Dichotomizing the four health behaviors used in this study had some strengths and weaknesses for the findings. First, due to insufficient response options regarding fruit and vegetable consumption (see Table 1), at least one portion of fruit/berries and one portion of vegetables daily (a total of 2 portions each day) were used as a cut-off point instead of the nationally recommended 5 portions each day [26]. This cut-off point, which together with fish intake provided one diet variable, should be taken into account when comparing our data with other studies, and in relation to adherence to public health recommendations.

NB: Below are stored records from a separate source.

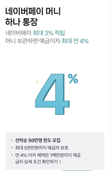 - 상품명: 네이버페이 머니 하나 통장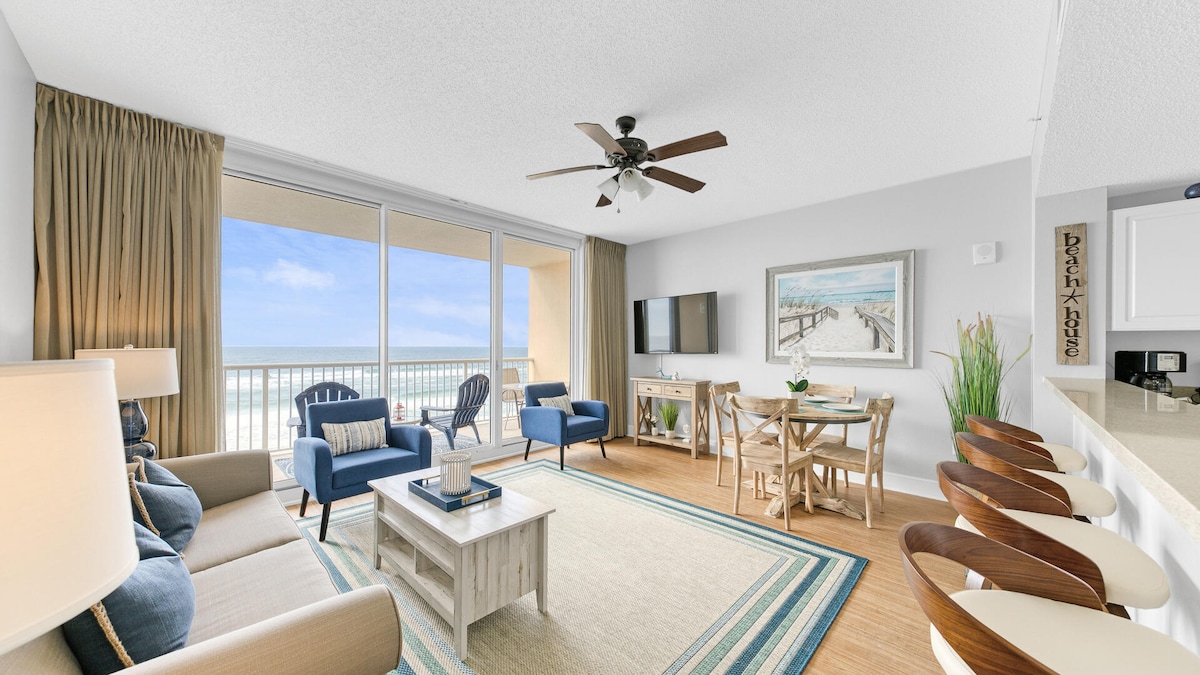¡SERVICIO GRATUITO DE SILLA DE PLAYA! Del 15 de marzo al 31 de octubre. 2 sillas de playa lounge y una sombrilla grande (valor de $ 45 por día) JUSTO EN LA PLAYA (NO AL otro lado DE LA calle). ¡Debes tener 21 años para reservar! Vivienda en el piso 11 *Piscina climatizada * 1er dormitorio: 1 cama queen Segundo dormitorio: 2 camas queen. Sofá cama tamaño queen con colchón de espuma 2 baños completos Capacidad para 8 personas ¡Increíbles vistas al mar desde la sala de estar y el maestro! WIFI GRATUITO Televisores INTELIGENTES en la SALA DE ESTAR y las HABITACIONES Cable incluido Restaurantes y tiendas al otro lado de la calle Walmart a dos cuadras de distancia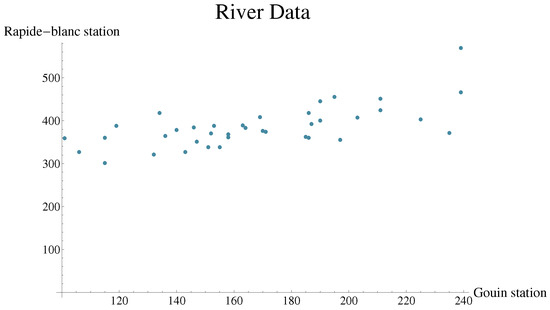 In this section, we will use the half-logistic copula to model two types of data. The first dataset considers the continuous case; the second is a discrete dataset. We chose datasets that were previously studied in the literature using other bivariate distributions (some of which are copulas). Some well-known copulas (such as Frank, Gumbel–Hougaard, Clayton, and Farlie–Gumbel–Morgenstern (FGM)) will also be fitted for the sake of comparison.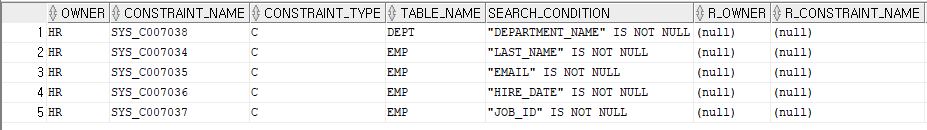 SELECT * FROM user_constraints WHERE table_name IN ('EMP','DEPT');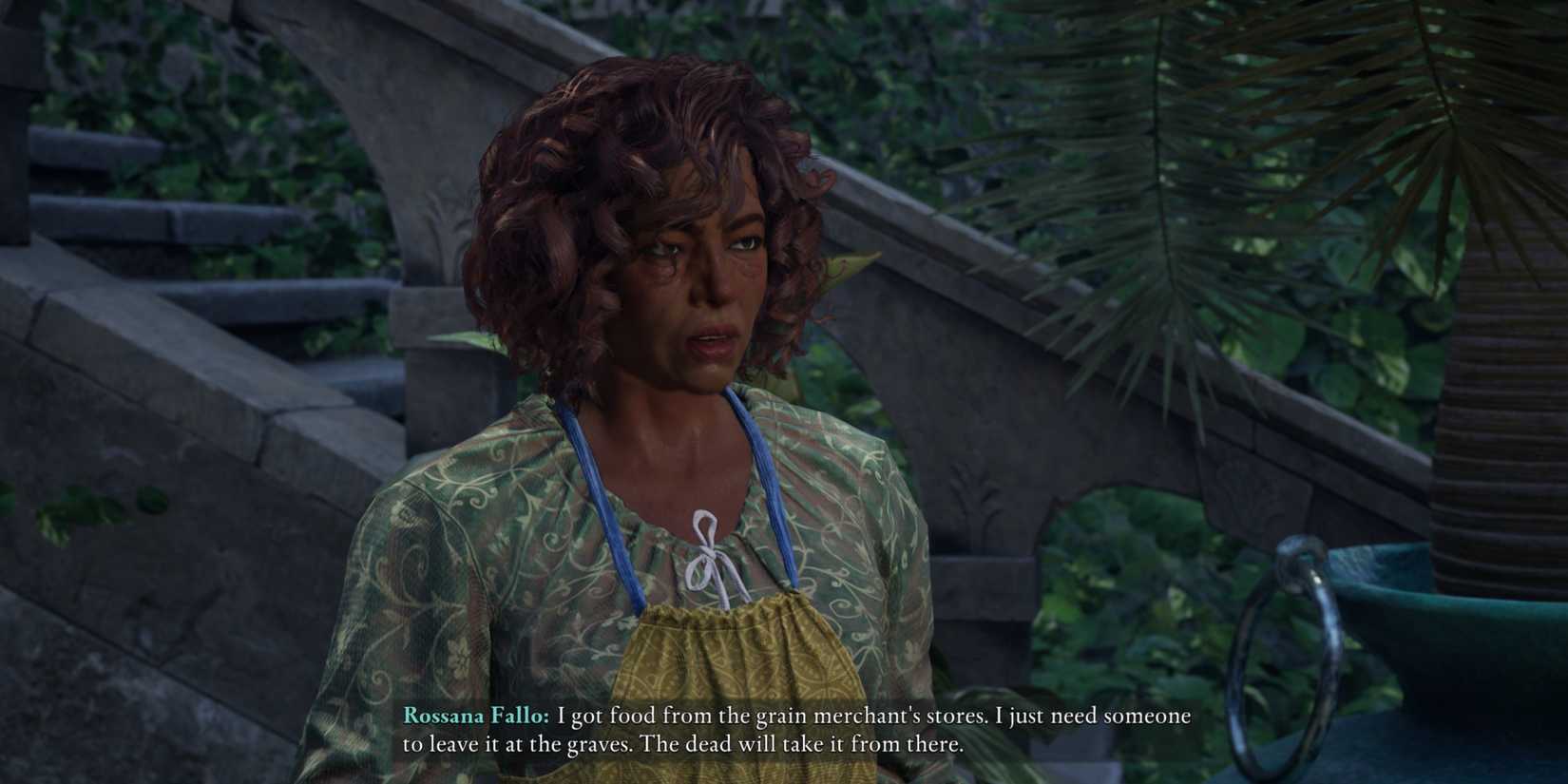 Hacerlo lo llevará a tres sitios diferentes donde los muertos están esperando. Todos ellos están rodeados de espíritus enojados, y tendrás que derrotar a los enemigos a medida que avanzas. Una vez que lo haga, dejará las ofrendas de alimentos en la tumba. Luego tendrá que regresar al Fior Mes Iverno y hablar con Rossana. Entonces puedes rezar con ella, pero mientras complete la búsqueda, ella te dará la bendición de Berathque es una baratija única que te protegerá contra los esqueletos.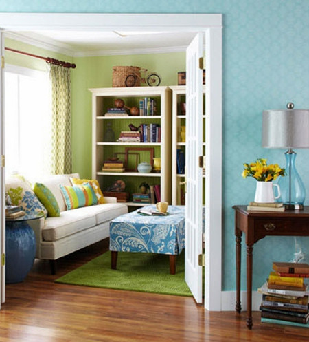 顏色能在一定程度上改變人們對房間形狀的感覺。例如冷色可使較低的天花板看上去變高,使狹窄的房間變寬。在房間遠端墻上用深色度的顏色,會使那堵墻產生前移的效果。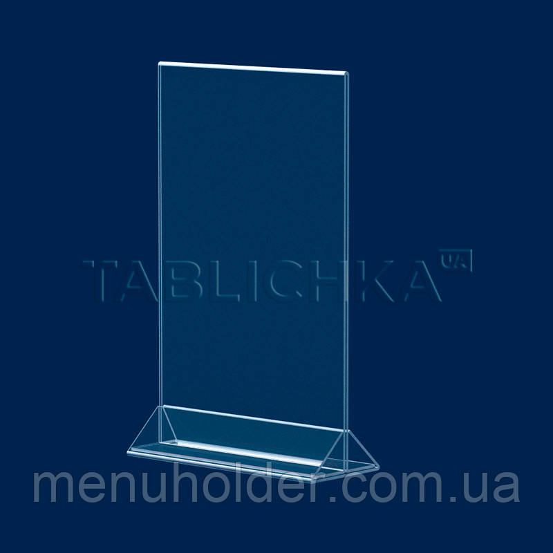Призначений для розміщення поліграфічної продукції формату А5 (148 мм х 210 мм). Матеріал: прозорий акрил 1,8 мм (основа) і ПЕТ 0,7 мм (верхня частина).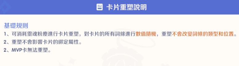 功能效果:消耗「靈魂粉塵」進行重塑,對卡片的所有詞條進行數值隨機。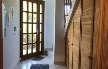 A teraszról, valamint két hálószobából is gyönyörű Balatoni panoráma tárul elénk – ez a látvány minden évszakban különleges hangulatot ad az otthonnak.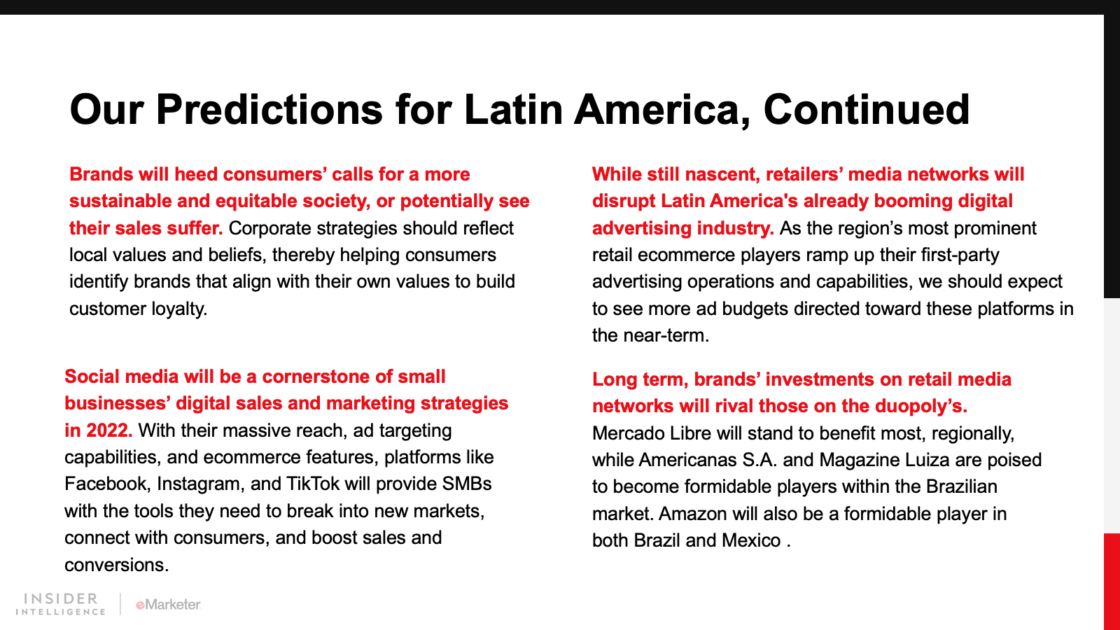 Latin America is no stranger to change, but consumers’ quick embrace of new digital habits grew at an unprecedented rate and scale like never before during the pandemic. In 2022, expect a surge in digital payment adoption, a change in consumer expectations around ecommerce, a struggle with sustainability issues, an embrace of social media by small businesses, and the rise of retail media networks in Latin America.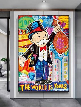 pintura a óleo pintada à mão artesanal parede pintura abstrata moderna alec monopólio arte de rua dinheiro pintura em tela decoração para casa decoração em tela enrolada sem moldura não esticada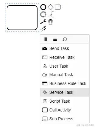 具体操作方法:单击左侧菜单中的Create Task图标,然后将任务拖放到随机位置。单击任务后,单击Change Type图标,然后从菜单中选择Service Task。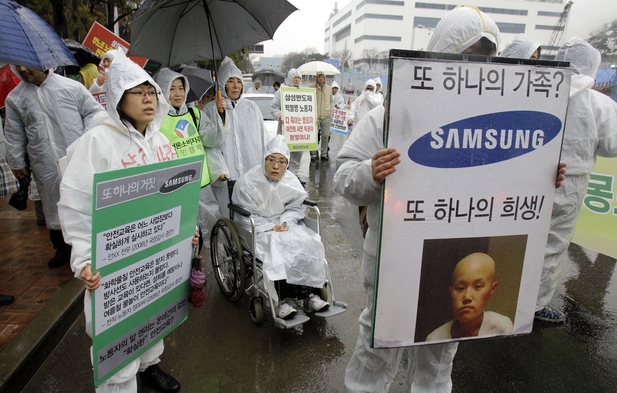 2010年3月25日,韩国活动人士在首尔南部的龙仁市集会游行,抗议三星电子试图压制因工作环境导致白血病的工人维权诉求。这个案件出现在韩剧《侦探医生》里。(AP Photo/ Lee Jin-man)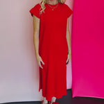 You'll love our soft and stylish Red Short Sleeve Midi Dress. It's a not-so-basic staple, featuring a flattering round neckline and a comfortable stretch cotton blend. A subtle side slit provides extra movement and style. This is a closet must-have for effortless everyday looks, offering a versatile foundational piece you can wear for any occasion, from casual days to evening outings. Add a trendy charm scarf necklace for an elevated look!

However, using separate recommendations for diet merged into one variable may simplify and strengthen the diet variable since nutritional epidemiology often is burdened by multicollinearity [41, 42]. Second, the dichotomization of alcohol consumption is based on a validated and reliable tool that measures high alcohol consumption (AUDIT-C) in a general population [27, 28] and is not directly comparable to the Norwegian recommended alcohol intake (20 g daily for men and 10 g daily for women) [43]. Nevertheless, reporting adherence to recommendations in general is useful from a public health perspective as our findings can be linked to national public health policy and goals, given the aforementioned limitations.

Conclusion

We observed a gradient in meeting health behavior recommendations across levels of education, showing subgroups within the general adult population with an overall unhealthy lifestyle. It appeared that males and individuals with low education had higher risk of developing multiple health risk behaviors indicating that these groups could be targeted in future public health interventions. Nearly 24% of the study population had three or more health risk behaviors at once and five of the sixteen health behaviors patterns did cluster. Although more research is needed on both the causal relationships between socio-economic factors and health behaviors and the associations between clustering of these and health outcomes, we believe our findings can assist in developing informed public health interventions to combat the burden of non-communicable diseases.